After sickening claims of a church cover-up in the Danny Masterson rape trial, TOM LEONARD reveals shocking allegations of phone tapping, threats to kill… and even child abuse


When actress Bijou Phillips broke down in tears earlier this month as her husband and That 70s Show star Danny Masterson was sentenced to 30 years in prison, she was hardly the only one holding their head in their hands.

For while the actor, convicted for the rape of two women some 20 years ago, was technically the only one in the dock, his beloved Church of Scientology certainly shared the spotlight with him.

The controversial church, according to prosecutors and the victims, had for years protected Masterson, one of its cherished celebrity members, to such a grotesque extent that he had felt able to rape fellow Scientologists with impunity.

In court, Masterson’s victims – themselves former Scientologists – testified that in the early 2000s, at the height of his fame, he drugged and then violently raped them, while their church did all it could to stop them from seeking justice.

In explaining why it took them so long to come forward, they spoke of their fear of an organization that allegedly harassed and threatened to excommunicate them if they went to the police, a punishment that would not only have expelled them from the church but cut them off from family and friends who were also Scientologists.

Masterson was initially charged with rape in 2020, four years after his accusers finally reported the crimes, but a jury was hung on all counts against him late last year, leading to a retrial and his subsequent conviction this year.

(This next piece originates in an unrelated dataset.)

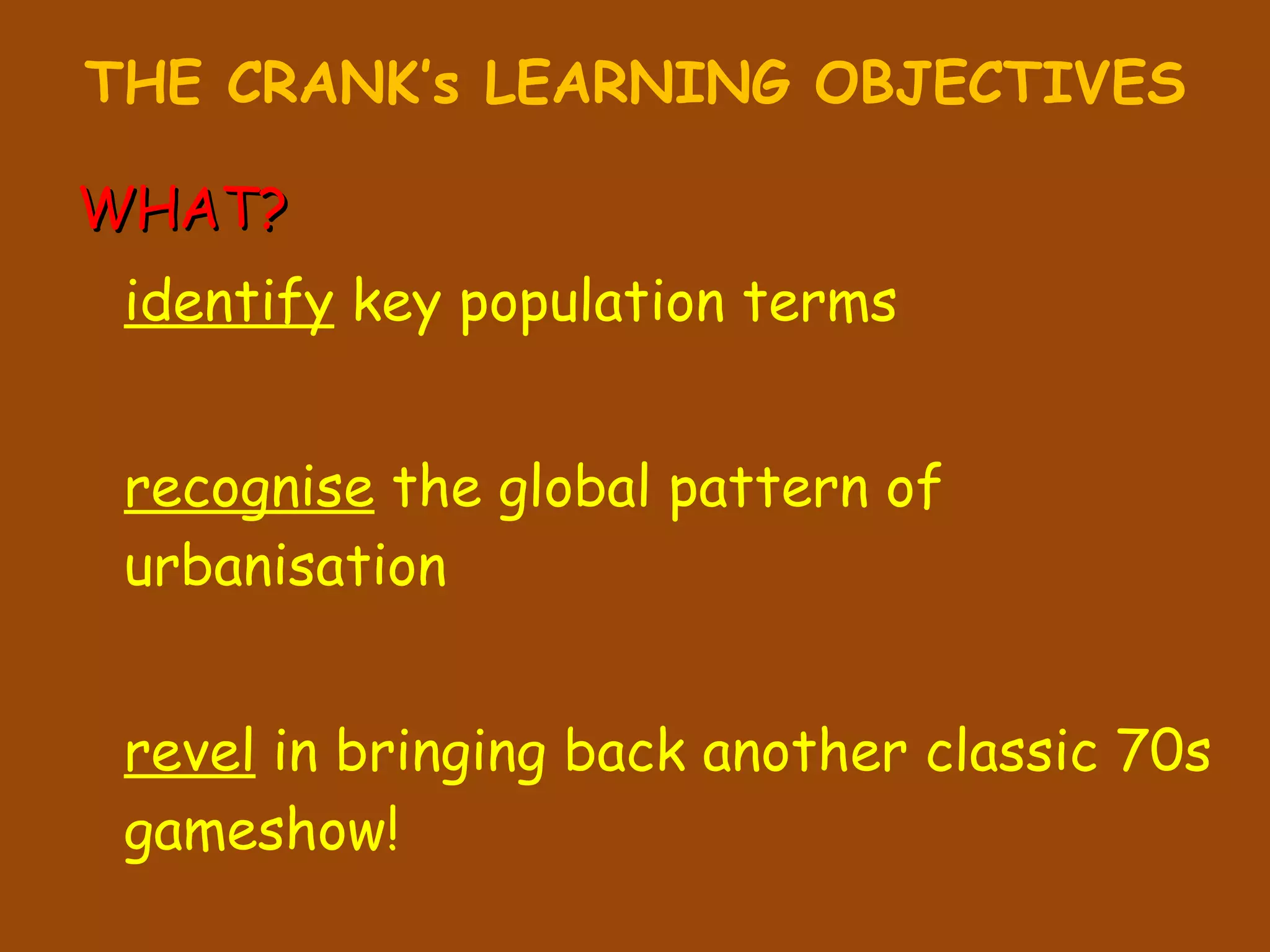 The document discusses key terms related to urbanization such as millionaire cities, megacities, and world cities. It defines millionaire cities as having over 1 million people, megacities as over 10 million people, and world cities as having great global influence due to financial status and commercial power. Examples given are New York, London, and Tokyo. The document also examines patterns of urbanization, noting areas that urbanized first and are increasing most rapidly, like Africa and Asia. Causes of urban growth discussed include natural population increase and rural-urban migration due to push factors like lack of land and pull factors like employment opportunities.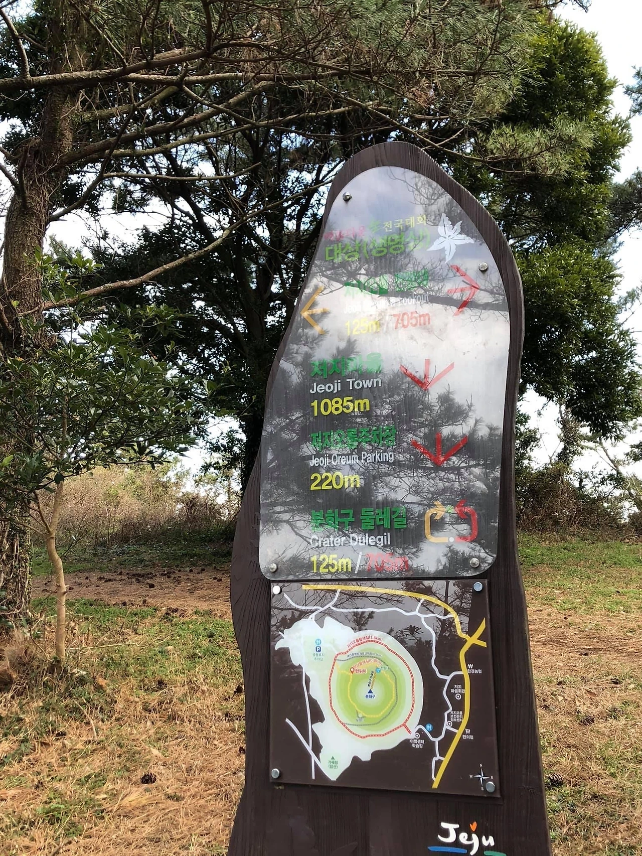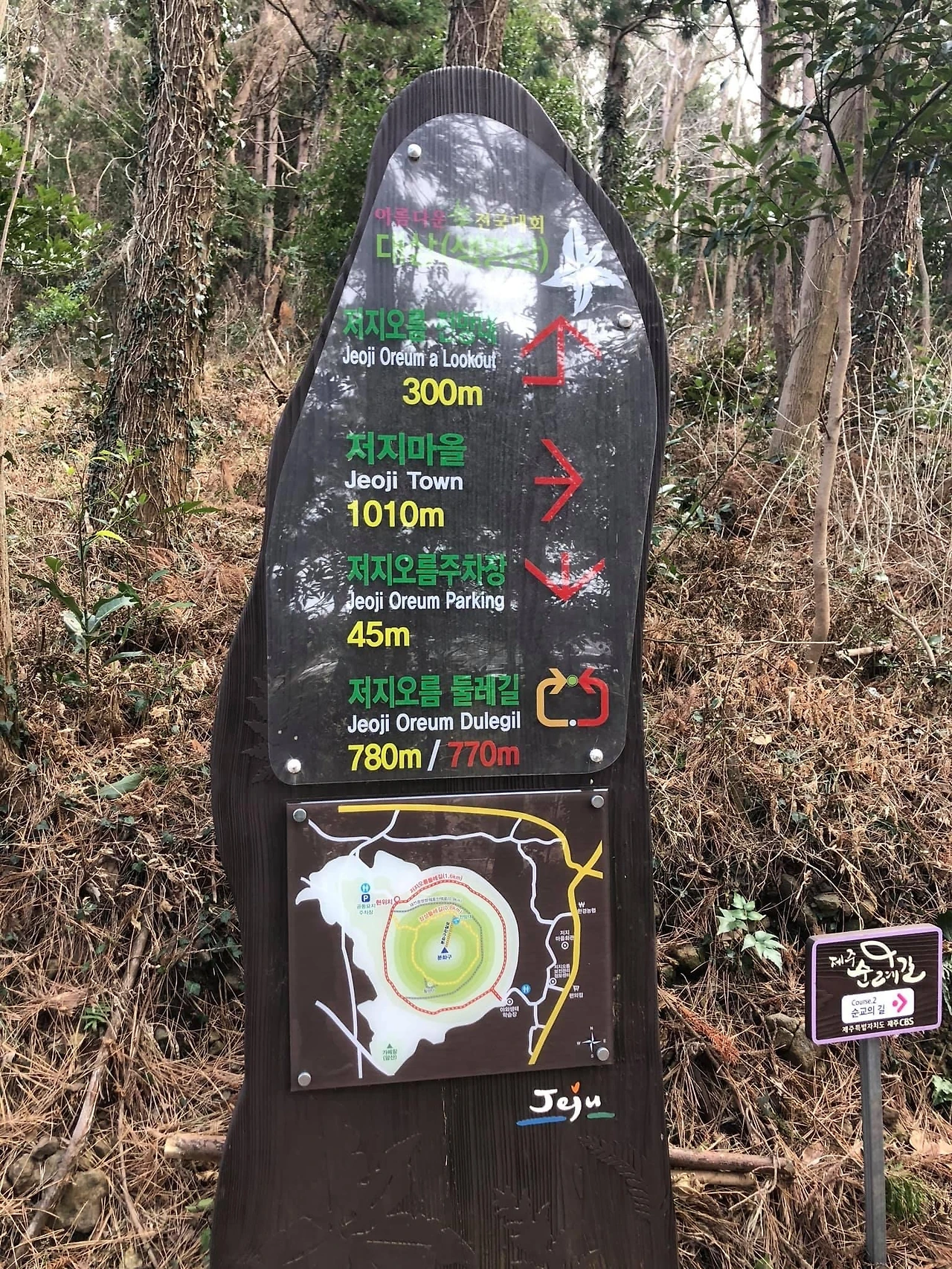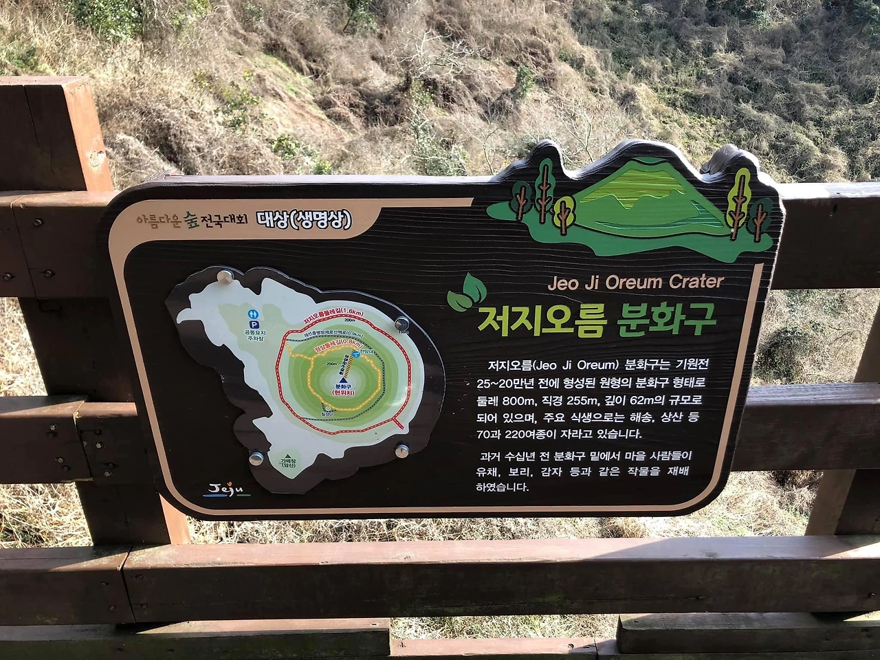 제주 서쪽 한경면 저지리에 있는 오름이다. 금오름과 달리 저지오름은 분화구가 자연그대로 보존되어 있었다. 분화구까지 내려가는 길엔 나무데크로 만든 계단이 안전하게 만들어져 있었는데 매우 가파르다. 분화구 안에 울창한 숲을 이루고 있어서 분화구가 뾰족한 깔대기형 이라고 할까? 경사가 심해서 그렇게 보였다. 저지오름은 정상둘레를 360도 걸을 수 있는 둘레길이 있다.

It was this second trial that significantly increased Scientology’s exposure as the judge controversially allowed expert testimony on the workings of the church that she hadn’t permitted the first time. Prosecutors said the actor used his prominence in the church to avoid consequences for years.

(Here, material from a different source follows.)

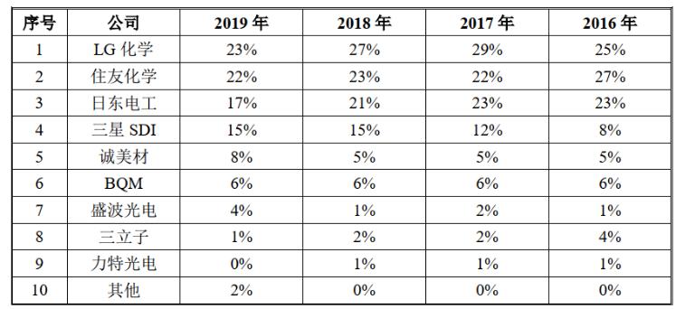图8:偏光片全球厂商份额,资料来源:公司公告

Attempts by the church to distance itself from the Masterson case were undermined during the first trial when two of the actor’s lawyers were fined by the judge who ruled they had improperly shared information about the actor’s victims with the church. (They were removed from the case before the second trial).

However, the church – which is considered a cult in some countries – insists it has no policy that prohibits Scientologists from reporting any crimes to law enforcement, and that its members are expected to abide by all laws of the land. It denies all wrong-doing, including claims that it harassed and intimidated Masterson’s accusers.

In a statement after the verdict the church said the ‘testimony and descriptions of Scientology beliefs’ during the trial were ‘uniformly false’. A senior spokeswoman also emphasized that Scientology was not a party to the Masterson case.

But while that is true, the church most certainly is a party in a string of forthcoming civil cases that some of its detractors now hope may finally lead to Scientology facing a reckoning for what they say has been decades of abusive behavior towards its brainwashed members.

Two of these lawsuits involve complainants from the Masterson trial while a third case – alleging ‘psychological torture’ and ‘harassment’ – has been brought by former celebrity Scientologist Leah Remini, an actress who has become a thorn in the church’s side.

That reckoning, Remini and others hope, could involve the US government reconsidering Scientology’s tax-exempt status, a crucial financial advantage it secured in 1993 after a protracted battle with the IRS to gain official recognition as a religion.